A new chapter for Emma Watson
July 14, 2009
By ANGELA DAWSON
Entertainment News Wire
NEW YORK _ Emma Watson has spent the last nine years portraying brainy Hermione Granger in the Harry Potter films. The 19-year-old British actress has received her schooling from a tutor on a movie set and attended international premieres instead of going to school dances.
Now, with the Harry Potter series barreling towards its two-part finale, Watson is preparing to enter the next phase of her life. She is bound for Columbia University this fall to study “English, or maybe art,” she says.
“I want to take it seriously and do it properly,” and possibly take a break from movie making, she adds.
Watson will live in a dorm and hopes to be just another undergraduate in New York City. “I don’t want to half-do it,” she says. “We’ll see how it goes.”
She is not saying good-bye to Harry Potter quite yet. She has four more months of filming scattered over the next nine months or so.
“I can’t anticipate how I’ll feel when we’re finished,” she says with a shrug. “I have so much left ahead of me. I have to stay in it and stay focused.”
Watson, who had no professional acting experience when she was cast as Hermione in “Harry Potter and the Sorcerer’s Stone,” has come a long way in the six films she has completed thus far. “I put so much more thought into it than I used to,” she says. “Not that I didn’t care when I was 12, but it feels very different now.”
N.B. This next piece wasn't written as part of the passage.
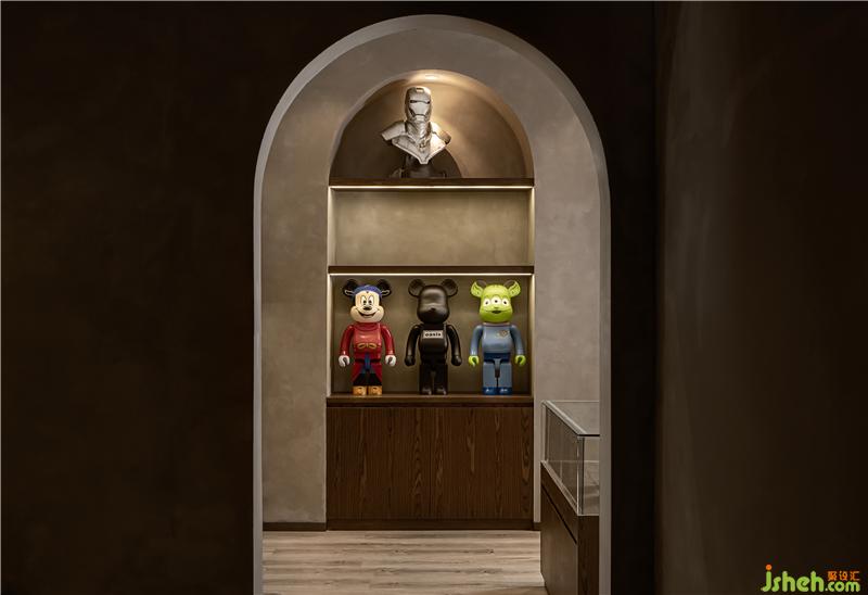 為出離傳統(tǒng)經(jīng)營環(huán)境,用設(shè)計(jì)手法傳達(dá)“圓融”觀念。一來設(shè)置循環(huán)動(dòng)線環(huán)抱前臺(tái),寓意為流水源源不絕,財(cái)源廣進(jìn)。二來前方留出較為寬敞的行走空間,暗示可咸可甜的社交距離。整個(gè)購物過程親和愉悅,避免了過度商業(yè)化痕跡。

She’s putting in 12-hour, six-day work weeks as she, Daniel Radcliffe (Harry Potter) and Rupert Grint (Ron Weasley) film “Harry Potter and the Deathly Hallows,” set for release in two parts starting in 2010. She barely has time to think of anything other than work this summer, which is fine by her.
On a brief break in production, she is promoting “Harry Potter and the Half-Blood Prince,” the sixth in the series. In it, Hermione, Harry and Ron contend not only with the Dark Lord Voldemort but also with their own emotions and unexpected feelings. Hermione feels conflicted over her new romantic feelings for Ron, who is typically oblivious and distracted by other females at the school.
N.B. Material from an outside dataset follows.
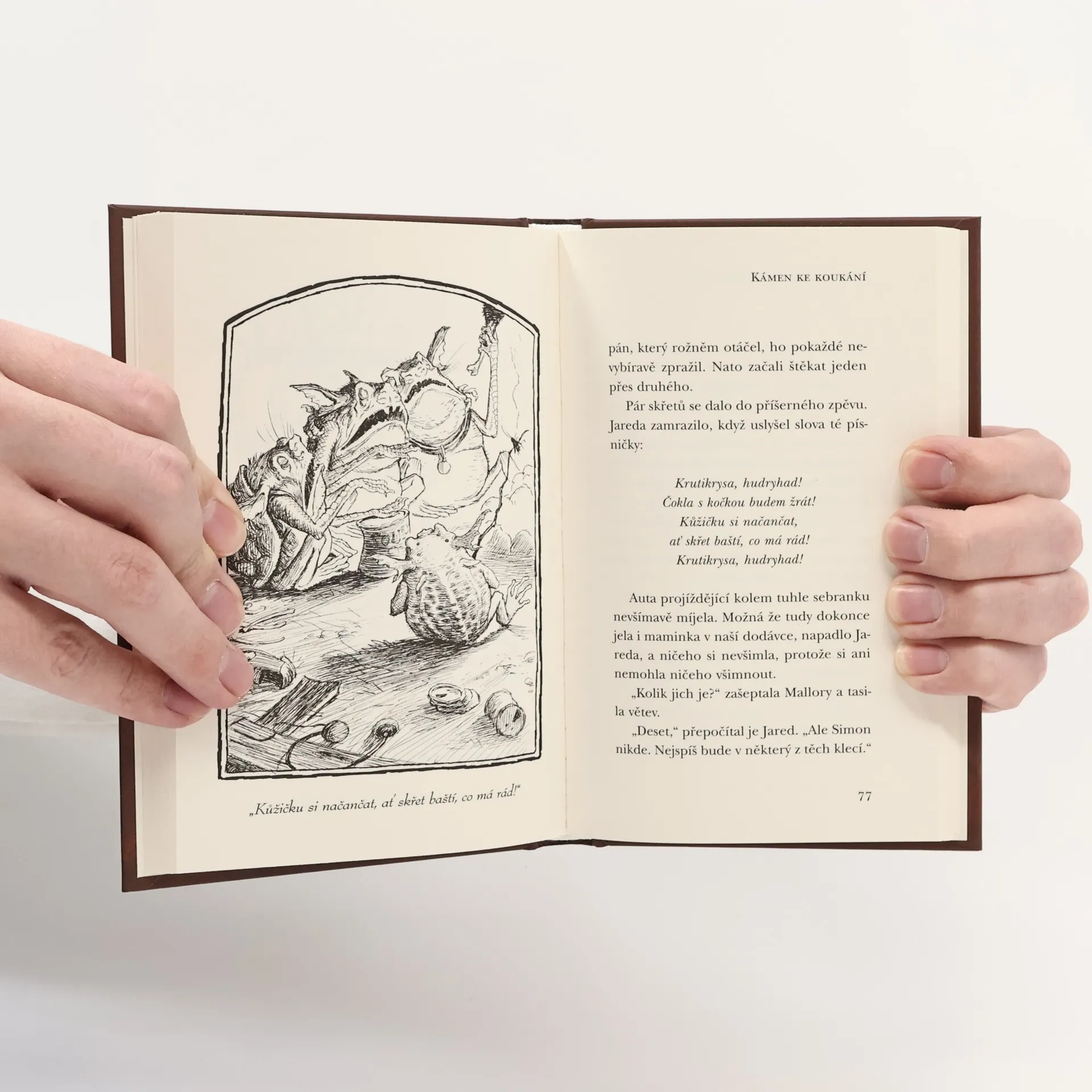 Boj sourozenců Graceových, kteří se nedávno přestěhovali do starého viktoriánského domu, se skřítky, skřety a nejrůznějšími strašidly pokračuje. Kouzelné bytosti, které zchátralý dům a jeho okolí obývají, jsou stále drzejší a troufalejší. Dokonce unesou jedno z dvojčat, Simona. Jared a Mallory se za pomoci hodného skřítka Náprstníčka vypraví na záchrannou výpravu. Podaří se jim bratra zachránit? Najdou zvláštní brýle s kouzelným kamenem, s nimiž lze spatřit neviditelné bytosti? Pokračování napínavého příběhu pro čtenáře od devíti let je plný napětí, tajemných kouzel i humoru. Pro děti od 8 let.

Watson is relieved to play the character with vulnerability and humanity. “In the past, you’ve seen a strong Hermione, quite a girl-power Hermione,” she says. “She’s the brains behind the operation, kind of driving the guys around with her. But in this one I think you see a very different Hermione. She’s much more fragile, vulnerable and emotional, and she’s experiencing her first heartache really.”
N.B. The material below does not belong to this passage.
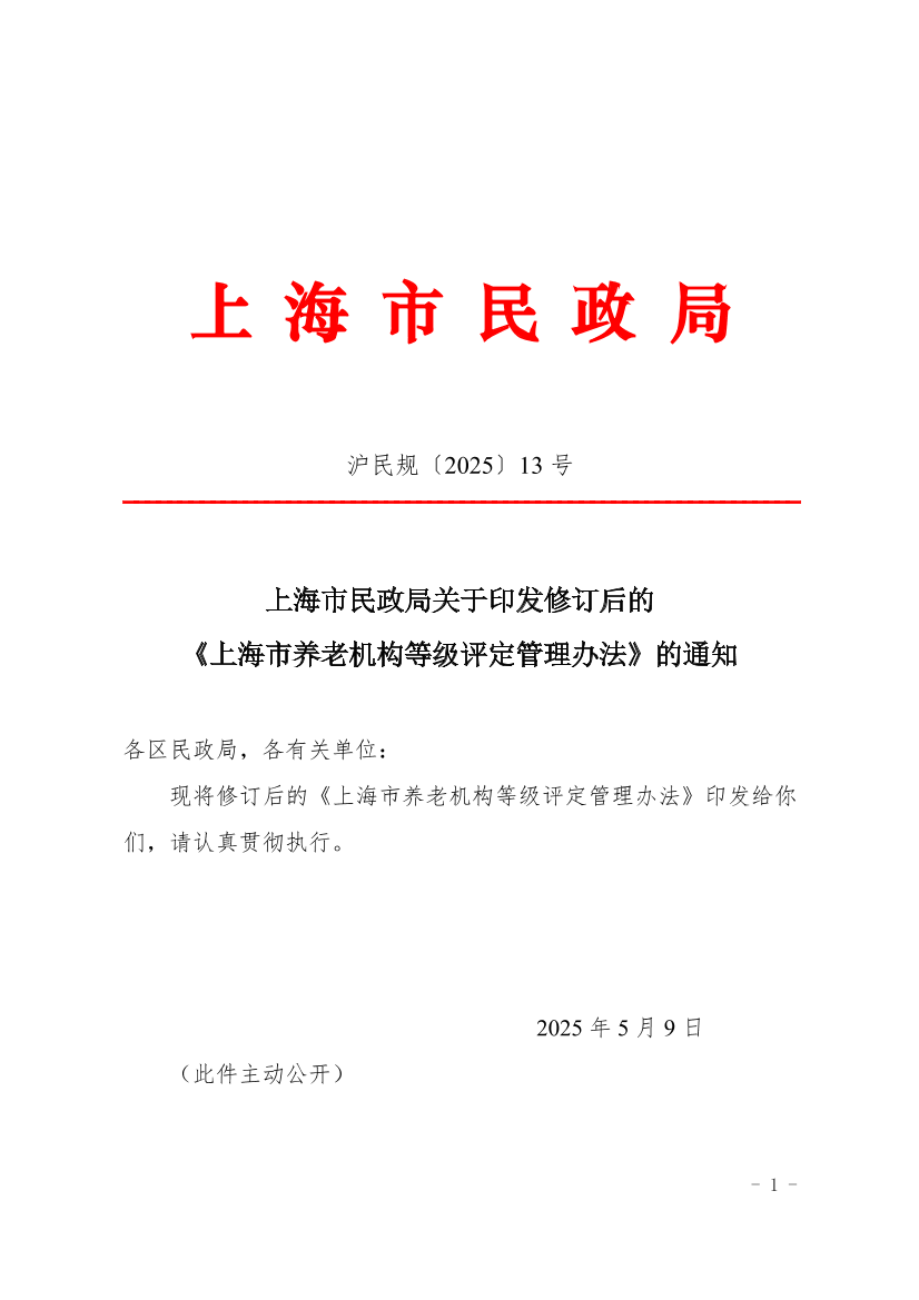 ??現(xiàn)將修訂后的《上海市養(yǎng)老機(jī)構(gòu)等級評定管理辦法》印發(fā)給你們,請認(rèn)真貫徹執(zhí)行。

As Ron romances another girl, Hermione even goes so far as to date another boy in an attempt to get Ron’s attention. “I’m dating my stalker,” she says with a laugh. “He’s always there when I need him, and he’s not too demanding.”
Watson says playing an emotionally mixed up Hermione is something she could relate to. “I know what it’s like to feel insecure and unwanted,” she says candidly. “I understand her longing. I’m growing up with my character and I’m experiencing the same things she is at the same time. It makes it fresh and easy to bring it straight onto the screen.”
Though not as tightly wound as Hermione, Watson says she can relate to her character in other ways. Both are good students who enjoy learning. She’s also a bit of a bookworm. She describes herself as a “geeky” fan of J.K. Rowling’s Harry Potter books and claims to have read each of them cover to cover at least three times.
“I know the books inside and out and could probably answer any question you’d come up with or any plot detail you might care to ask about,” she says. “I’m a bit of a book purist. Anything that comes up, I’m usually the first person to say, ‘it says this in the book and we should do this.'”
Yet she also appreciates the inevitable differences between books and movies. “I understand we have to make a film that isn’t 20 hours long, which is why I encourage people _ not just with Harry Potter _ to also read the book, especially if they love the film,” she says.
Watson likes working with her co-stars Radcliffe and Grint, who are like brothers to her after growing up together on-screen. Which made it awkward when she recently had to kiss Grint for a scene in the final movie.
“This is, like, 10 years worth of tension, hormones, chemistry and everything in, like, one moment, so we had to ace it,” she recalls. “Rupert and I were concerned it might look disingenuous as we were desperate to get it out of the way. Hopefully, we did it.”
Unlike Radcliffe and Grint, who want to make acting their life’s work, Watson is weighing her options.
“I’m not giving up acting or anything dramatic like that,” she insists. “I just want a normal experience for a bit. Just a little bit of normalcy.”